- **Your task**
Look through the listing below for the line with "生活化手語教學環節創新采用情" and the line with "This crew-neck knit". Copy both, along with every line between them, exactly and with no pictures.

- **Supplied information**

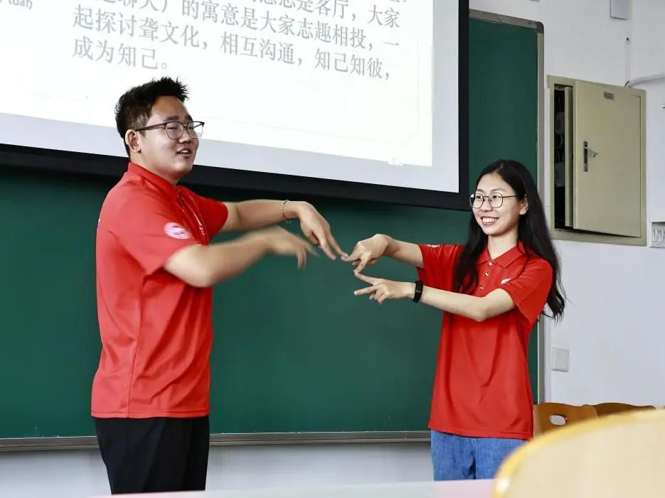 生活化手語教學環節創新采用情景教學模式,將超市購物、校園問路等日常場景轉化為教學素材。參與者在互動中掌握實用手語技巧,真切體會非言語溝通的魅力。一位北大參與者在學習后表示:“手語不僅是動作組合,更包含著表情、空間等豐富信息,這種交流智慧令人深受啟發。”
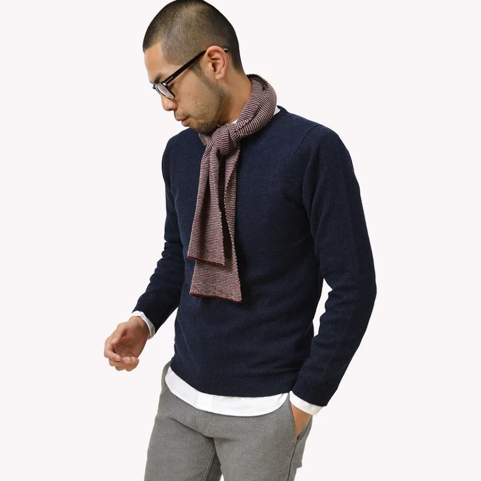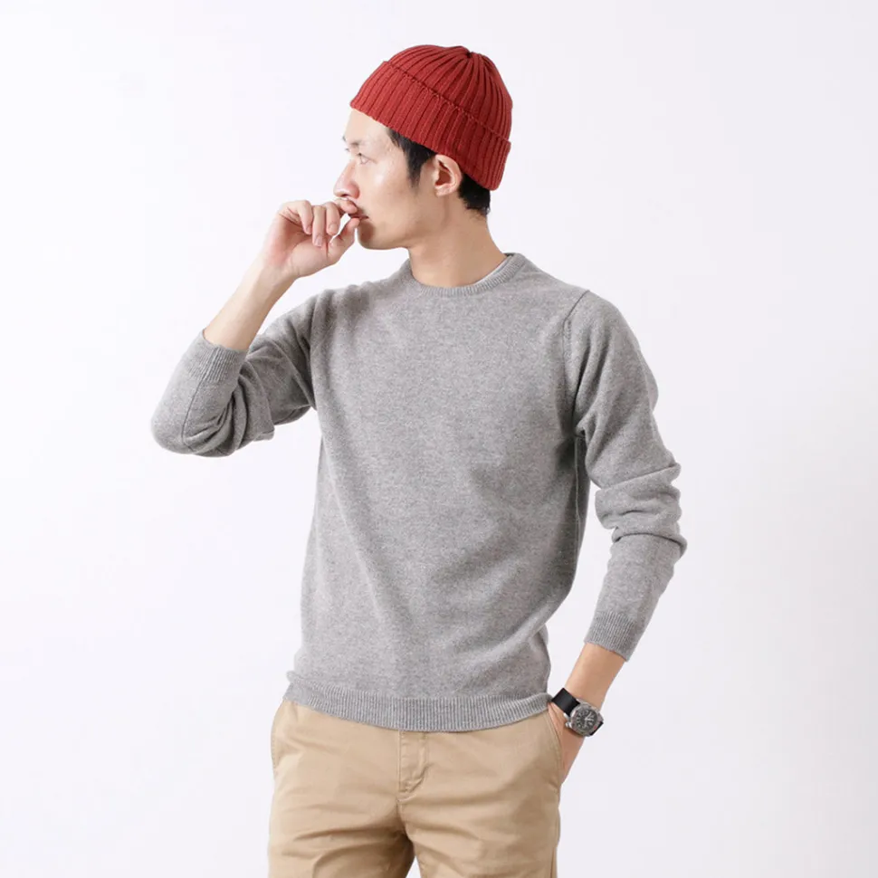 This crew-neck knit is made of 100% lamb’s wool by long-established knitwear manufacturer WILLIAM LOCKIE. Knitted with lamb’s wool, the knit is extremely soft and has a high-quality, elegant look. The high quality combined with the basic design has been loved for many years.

...

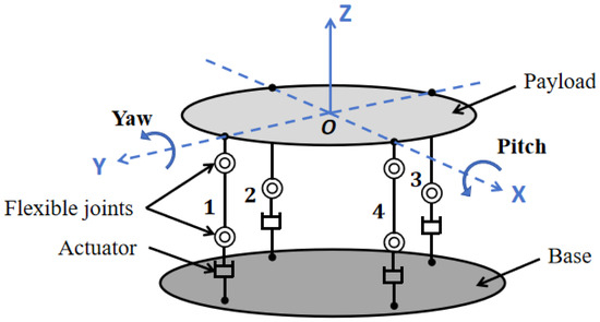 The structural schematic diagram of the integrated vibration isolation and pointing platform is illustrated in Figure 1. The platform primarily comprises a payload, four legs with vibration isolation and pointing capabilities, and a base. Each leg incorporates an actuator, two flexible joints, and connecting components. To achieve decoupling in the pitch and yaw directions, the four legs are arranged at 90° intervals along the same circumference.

- **Task answer**
 生活化手語教學環節創新采用情景教學模式,將超市購物、校園問路等日常場景轉化為教學素材。參與者在互動中掌握實用手語技巧,真切體會非言語溝通的魅力。一位北大參與者在學習后表示:“手語不僅是動作組合,更包含著表情、空間等豐富信息,這種交流智慧令人深受啟發。”
 This crew-neck knit is made of 100% lamb’s wool by long-established knitwear manufacturer WILLIAM LOCKIE. Knitted with lamb’s wool, the knit is extremely soft and has a high-quality, elegant look. The high quality combined with the basic design has been loved for many years.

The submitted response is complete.